Single- and multiple-dose tolerability, safety, pharmacokinetics, and pharmacodynamics of the dual endothelin receptor antagonist aprocitentan in healthy adult and elderly subjects

Abstract

Background: Aprocitentan is an orally active, dual endothelin (ET) receptor antagonist developed for the treatment of hypertension in which, despite available treatments, a medical need exists for drugs with a new mechanism of action.

Subjects and methods: In this study, the single- and multiple-dose tolerability, safety, pharmacokinetics (PK), and pharmacodynamics of up to 600 mg (single doses) and 100 mg once a day (qd; multiple doses) of aprocitentan were investigated in healthy male and female subjects. The effect of age on the tolerability and PK parameters was investigated at a dose of 100 mg qd.

Results: Aprocitentan was well tolerated across all doses. No serious adverse events (AEs) occurred. The most frequently reported AE was headache. Small increases in body weight were recorded in subjects receiving 100 mg qd. Plasma concentration-time profiles of aprocitentan were similar after single- and multiple-dose administration, and support a qd dosing regimen based on a half-life of 44 hours. After multiple doses, PK was dose proportional. Accumulation at steady state, reached by Day 8, was 3-fold. Only minor differences in exposure between healthy females and males, healthy elderly and adult subjects, and fed and fasted conditions were observed. Plasma ET-1 concentrations, reflecting ET_B receptor antagonism, significantly increased with doses ≥25 mg. Time-matched analysis of electrocardiogram (ECG) parameters did not suggest drug-induced ECG effects. Exposure-response analysis indicated no QTc prolongations at plasma levels up to 10 µg/mL.

Conclusion: Aprocitentan was well tolerated in healthy subjects with a PK profile favorable for qd dosing.

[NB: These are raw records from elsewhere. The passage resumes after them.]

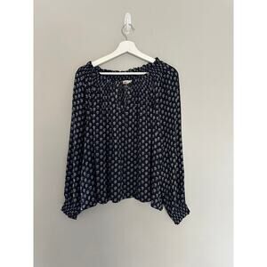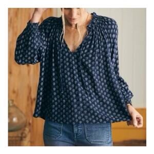 Faherty Emery Lotus Flower Navy Blue Blouse size Small
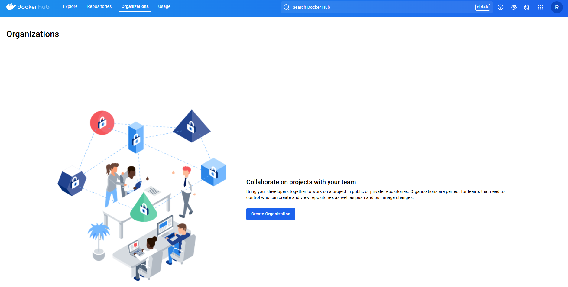 위에서 알아본 저장소 사용방법은 단일 계정에서 저장소를 생성 후 이미지를 저장하는 방법이었습니다. 만약 다른 개발자들과 함께 이미지를 개발하는 상황이라면, 저장소의 이미지 읽기, 쓰기, 수정 및 관리와 같은 권한과 조직 구성을 통한 체계화가 필요할 수 있기에 DockerHub에서는 조직과 팀 단위로 이미지 저장소를 이용할 있게 Organizations, Teams로 구성하는 것도 가능합니다. 실제로 조직을 생성하고 사용해 보기 위해 도커허브 홈페이지의 상단 메뉴에서 [Organizations]를 선택한 후 [Create Organization] 버튼을 클릭해 보았습니다. 무료로 이용이 가능했던 과거와 달리 정책이 변경되어 조직 및 팀으로 저장소를 사용하기 위해서는 일정 금액을 지불해야 하는 것을 확인할 수 있었습니다.(2024년 10월 2일 기준)
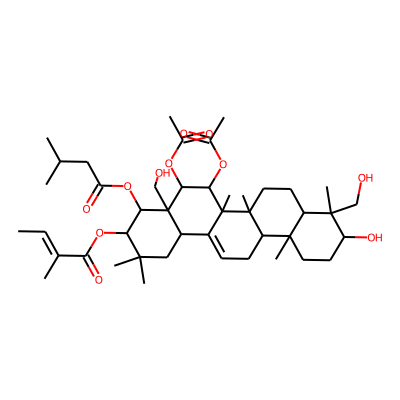 CC=C(C)C(=O)OC1C(OC(=O)CC(C)C)C2(CO)C(CC1(C)C)C1=CCC3C4(C)CCC(O)C(C)(CO)C4CCC3(C)C1(C)C(OC(C)=O)C2OC(C)=O| HBA: | 11 | RingCount: | 5 |
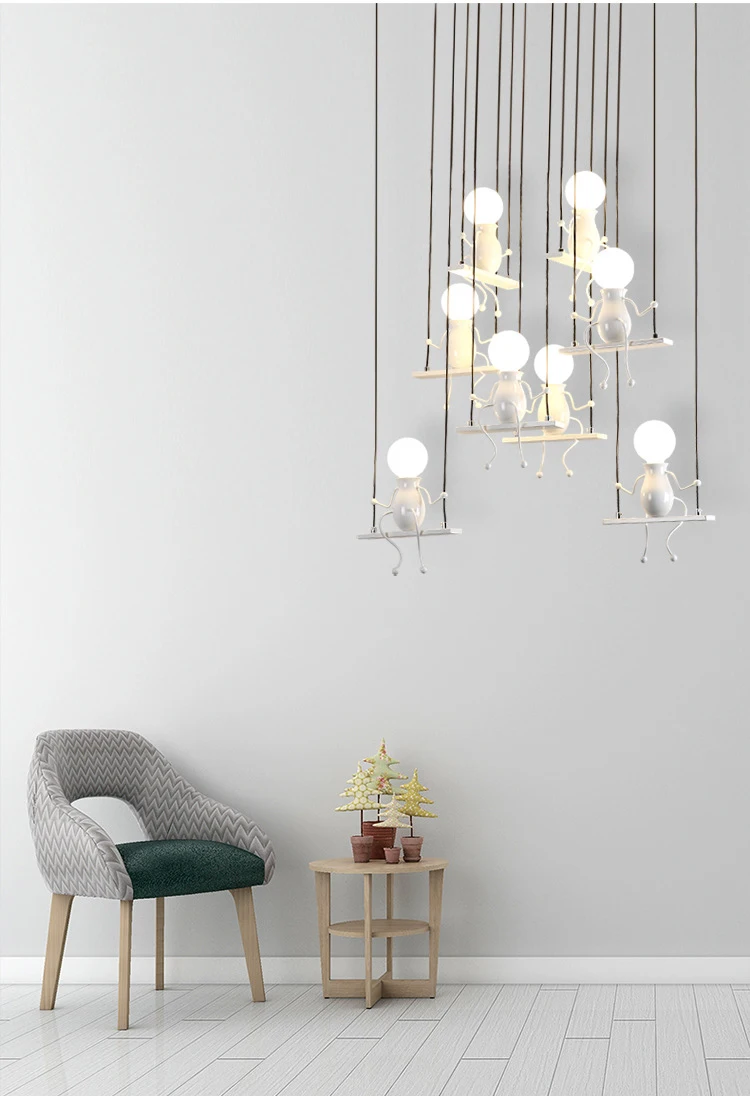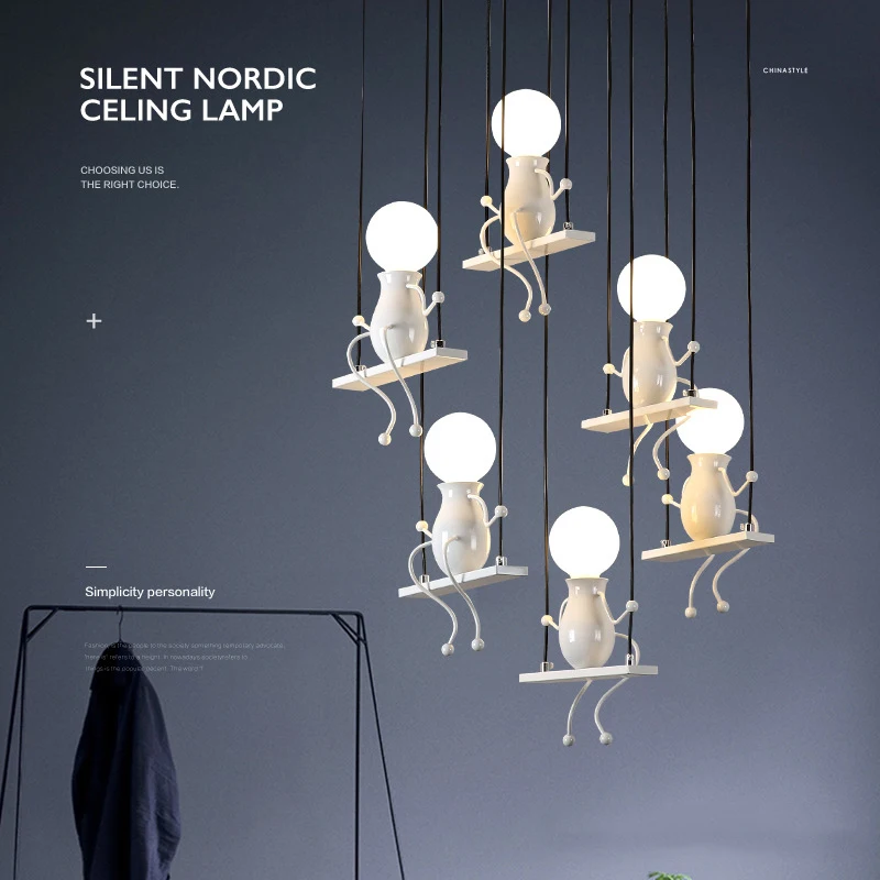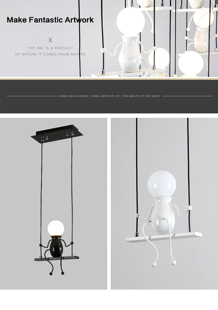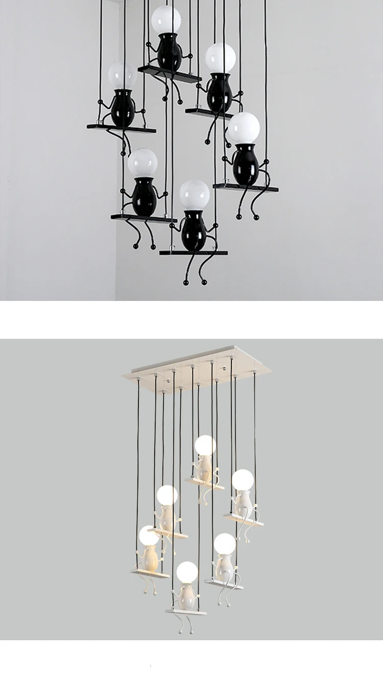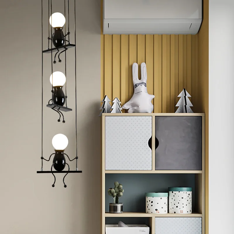 Creative Little Man Chandelier Iron People Climbing Chandeliers Children Room Hanging Led Lamp Pendant Lamps Art Decor Fixtures

Keywords: aprocitentan; endothelin; endothelin receptor antagonist; first-in-human study; pharmacodynamics; pharmacokinetics.

Figure 1

(A) Cardiodynamic evaluation: relationship between aprocitentan plasma concentration and ΔΔQTcF with 90% CI. (B) Mean observed and predicted ΔΔQTcF (±90% CI) vs observed median decile plasma concentrations. (C) Mean predicted (shaded gray area) ΔΔQTcF (±90% CI) vs observed geometric mean C_max plasma concentrations of 5, 25, and 100 mg aprocitentan. In the graphs, the 10 ms threshold of regulatory concern (for the upper bound of the CI around the mean effect on QTc) is indicated, as referred to in the ICH E14 guideline.

Figure 2

Arithmetic mean changes (±SD) in baseline-corrected body weight (kg) after once-daily administration of 5, 25, and 100 mg aprocitentan for 10 days in healthy (A) and elderly subjects (B) (n=6 for 25 mg and 100 mg elderly, and placebo subjects; n=7 for 5 and 100 mg subjects; n=2 for placebo elderly).

Figure 3

Arithmetic mean (±SD) plasma concentration vs time profiles of aprocitentan after administration of single doses of aprocitentan to healthy subjects (n=6 for each dose level) in the absence (A) or presence (B) of food (n=5).

Figure 4

Arithmetic mean (±SD) plasma concentration following the last dose administration on Day 10 (A) and mean trough plasma concentration–time profiles (B) of aprocitentan after once-daily administration of multiple doses of aprocitentan to healthy subjects and 100 mg of aprocitentan to healthy elderly subjects (n=6 for 5, 25, and 100 mg elderly; n=5 in the 100 mg group).

Figure 5

Arithmetic mean AUC_τ (±SD) of ET-1 on Day 1 (A) and Day 10 (B) after administration of 5, 25, or 100 mg aprocitentan or placebo once daily for 10 days to healthy subjects (n=6 for 5 and 25 mg; n=5 for 100 mg and placebo). Abbreviations: AUC_τ, area under the plasma concentration–time curve over a dosing interval; ET-1, endothelin-1.